| Problem |
Every line below from the one containing "點擊屏幕下方第二個按鈕,在這" through the one containing "سمر شمر وَقَالَ" is to be printed exactly, with the pictures omitted.

BEGIN Extracted information

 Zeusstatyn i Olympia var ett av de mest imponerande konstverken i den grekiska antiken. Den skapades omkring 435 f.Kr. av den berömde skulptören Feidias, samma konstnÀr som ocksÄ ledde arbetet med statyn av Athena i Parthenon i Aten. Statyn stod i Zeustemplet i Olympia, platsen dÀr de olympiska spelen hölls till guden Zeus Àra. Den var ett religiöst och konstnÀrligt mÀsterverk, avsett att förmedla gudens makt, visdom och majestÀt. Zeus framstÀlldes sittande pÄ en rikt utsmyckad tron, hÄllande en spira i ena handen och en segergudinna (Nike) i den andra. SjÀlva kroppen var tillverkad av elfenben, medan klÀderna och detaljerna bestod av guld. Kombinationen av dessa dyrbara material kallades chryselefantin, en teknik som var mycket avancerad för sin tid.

END Extracted information
BEGIN Extracted information

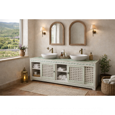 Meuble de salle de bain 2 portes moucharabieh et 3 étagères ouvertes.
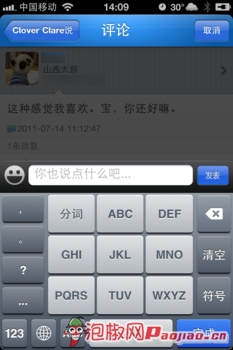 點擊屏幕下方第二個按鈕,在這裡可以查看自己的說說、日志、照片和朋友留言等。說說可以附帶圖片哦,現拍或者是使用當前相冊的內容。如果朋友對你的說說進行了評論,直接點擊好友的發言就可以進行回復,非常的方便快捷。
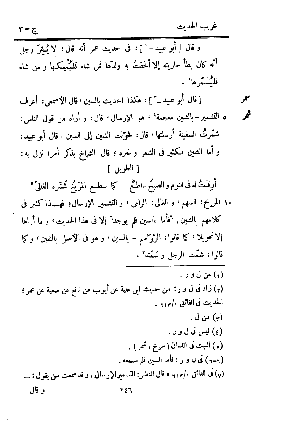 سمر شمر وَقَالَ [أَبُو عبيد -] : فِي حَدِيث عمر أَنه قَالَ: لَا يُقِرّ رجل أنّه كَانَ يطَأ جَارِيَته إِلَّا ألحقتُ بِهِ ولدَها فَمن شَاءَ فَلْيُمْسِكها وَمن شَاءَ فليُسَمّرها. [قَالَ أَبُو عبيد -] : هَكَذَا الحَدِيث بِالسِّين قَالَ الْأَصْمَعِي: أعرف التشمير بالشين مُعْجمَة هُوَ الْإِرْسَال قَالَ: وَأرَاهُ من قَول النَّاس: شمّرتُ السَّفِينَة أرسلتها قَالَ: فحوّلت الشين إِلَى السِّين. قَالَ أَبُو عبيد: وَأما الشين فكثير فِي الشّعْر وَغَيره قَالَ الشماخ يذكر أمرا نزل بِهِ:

END Extracted information

| Problem solution |
 點擊屏幕下方第二個按鈕,在這裡可以查看自己的說說、日志、照片和朋友留言等。說說可以附帶圖片哦,現拍或者是使用當前相冊的內容。如果朋友對你的說說進行了評論,直接點擊好友的發言就可以進行回復,非常的方便快捷。
 سمر شمر وَقَالَ [أَبُو عبيد -] : فِي حَدِيث عمر أَنه قَالَ: لَا يُقِرّ رجل أنّه كَانَ يطَأ جَارِيَته إِلَّا ألحقتُ بِهِ ولدَها فَمن شَاءَ فَلْيُمْسِكها وَمن شَاءَ فليُسَمّرها. [قَالَ أَبُو عبيد -] : هَكَذَا الحَدِيث بِالسِّين قَالَ الْأَصْمَعِي: أعرف التشمير بالشين مُعْجمَة هُوَ الْإِرْسَال قَالَ: وَأرَاهُ من قَول النَّاس: شمّرتُ السَّفِينَة أرسلتها قَالَ: فحوّلت الشين إِلَى السِّين. قَالَ أَبُو عبيد: وَأما الشين فكثير فِي الشّعْر وَغَيره قَالَ الشماخ يذكر أمرا نزل بِهِ:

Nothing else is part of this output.